TASK STATEMENT: When you reach the line with "- Tool-Free Assembly", transcribe it and each line after it through the last one below, exactly. Pictures stay out.

-*-

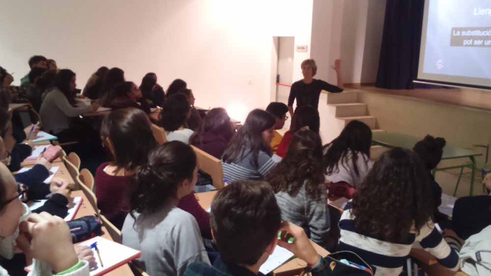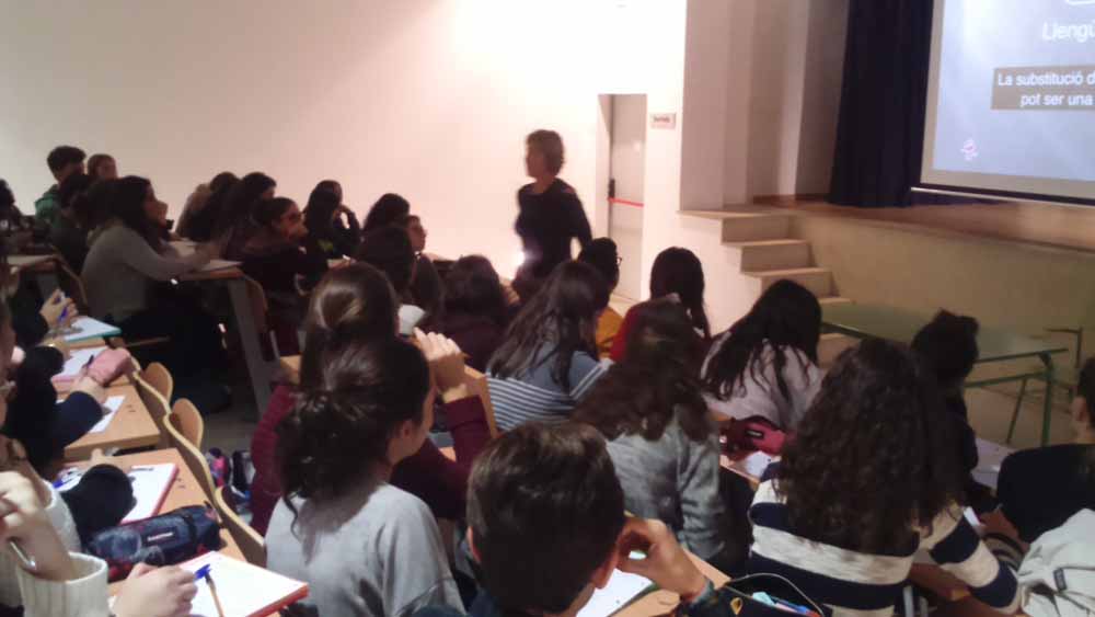 L'alumnat de 1r Batxillerat va poder participar d'un dels tallers en relació a les actituds lingüístiques organitzats per na Gemma Sanginés, experta en el tema i coautora del llibre "Sortir de l'armari lingüístic".
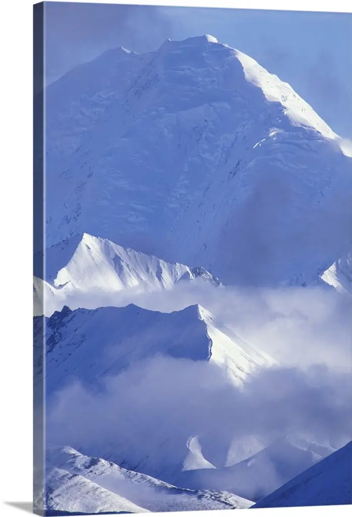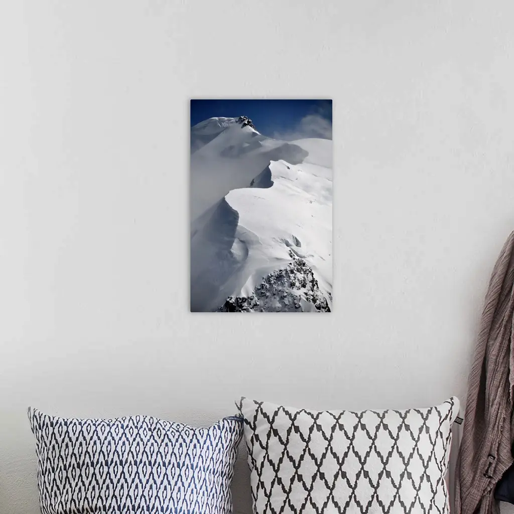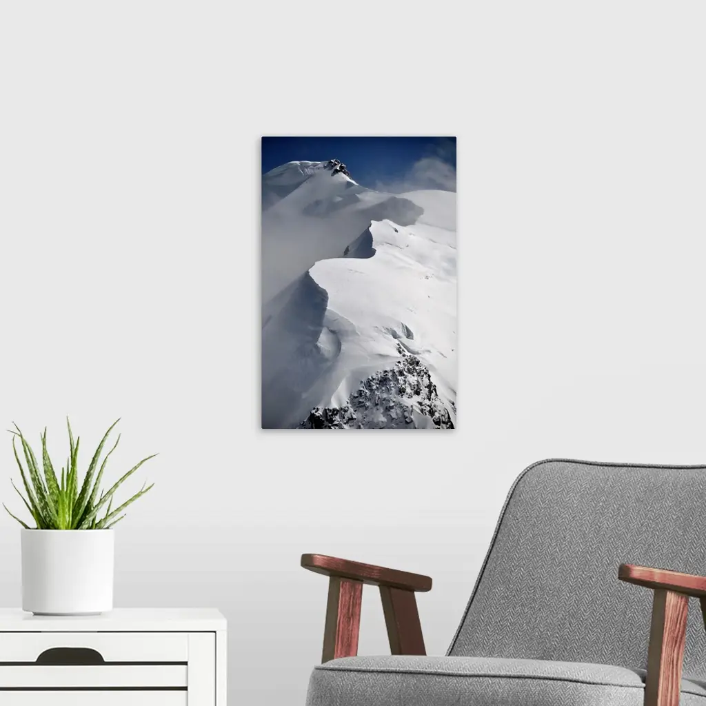 Mont Blanc du Tacul mountain of the French Alps in France with snow, sun and wind, vertical view.
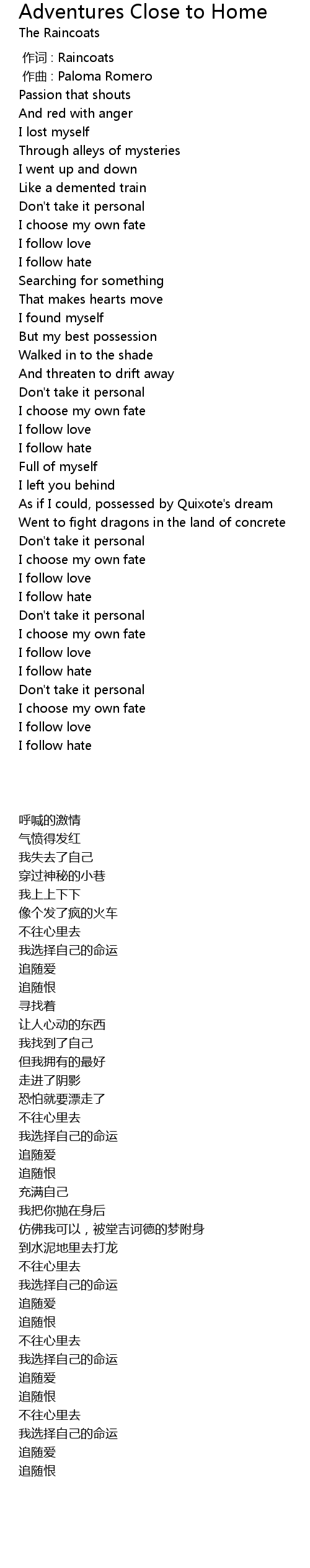 | [00:00.000] | 作词 : Raincoats |
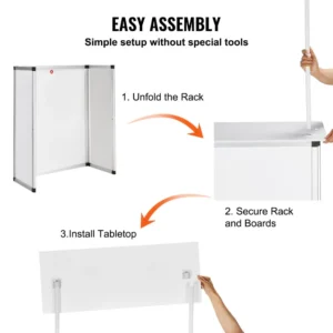 - Tool-Free Assembly Design: Say goodbye to complicated assembly! We’ve designed this exhibition counter stand with convenient and speedy installation. Just follow the 6-step process, and you’re good to go. It’s time-saving and hassle-free, ready for any impromptu display needs.
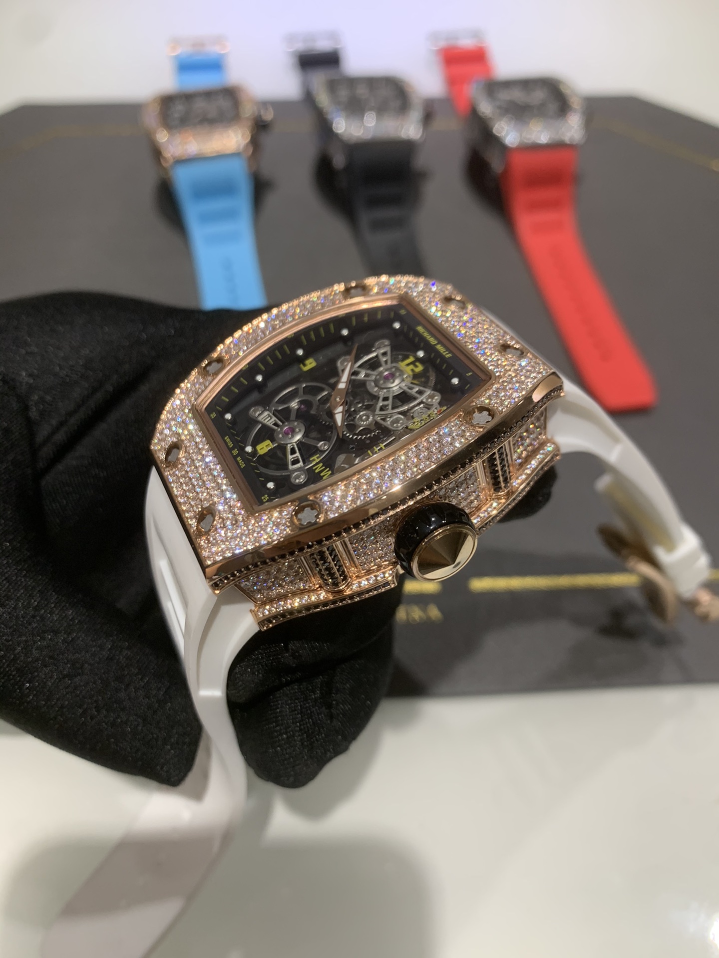 The RM 17-01 embodies the traditional and exceptional concept of high-end watchmaking. The RM017 tourbillon movement encapsulates all our passion for mechanical innovation. The iconic barrel-shaped case showcases sleek and elegant lines, highlighting its graceful and technically exquisite movement.

-*-

SOLUTION TO THIS TASK:
 - Tool-Free Assembly Design: Say goodbye to complicated assembly! We’ve designed this exhibition counter stand with convenient and speedy installation. Just follow the 6-step process, and you’re good to go. It’s time-saving and hassle-free, ready for any impromptu display needs.
 The RM 17-01 embodies the traditional and exceptional concept of high-end watchmaking. The RM017 tourbillon movement encapsulates all our passion for mechanical innovation. The iconic barrel-shaped case showcases sleek and elegant lines, highlighting its graceful and technically exquisite movement.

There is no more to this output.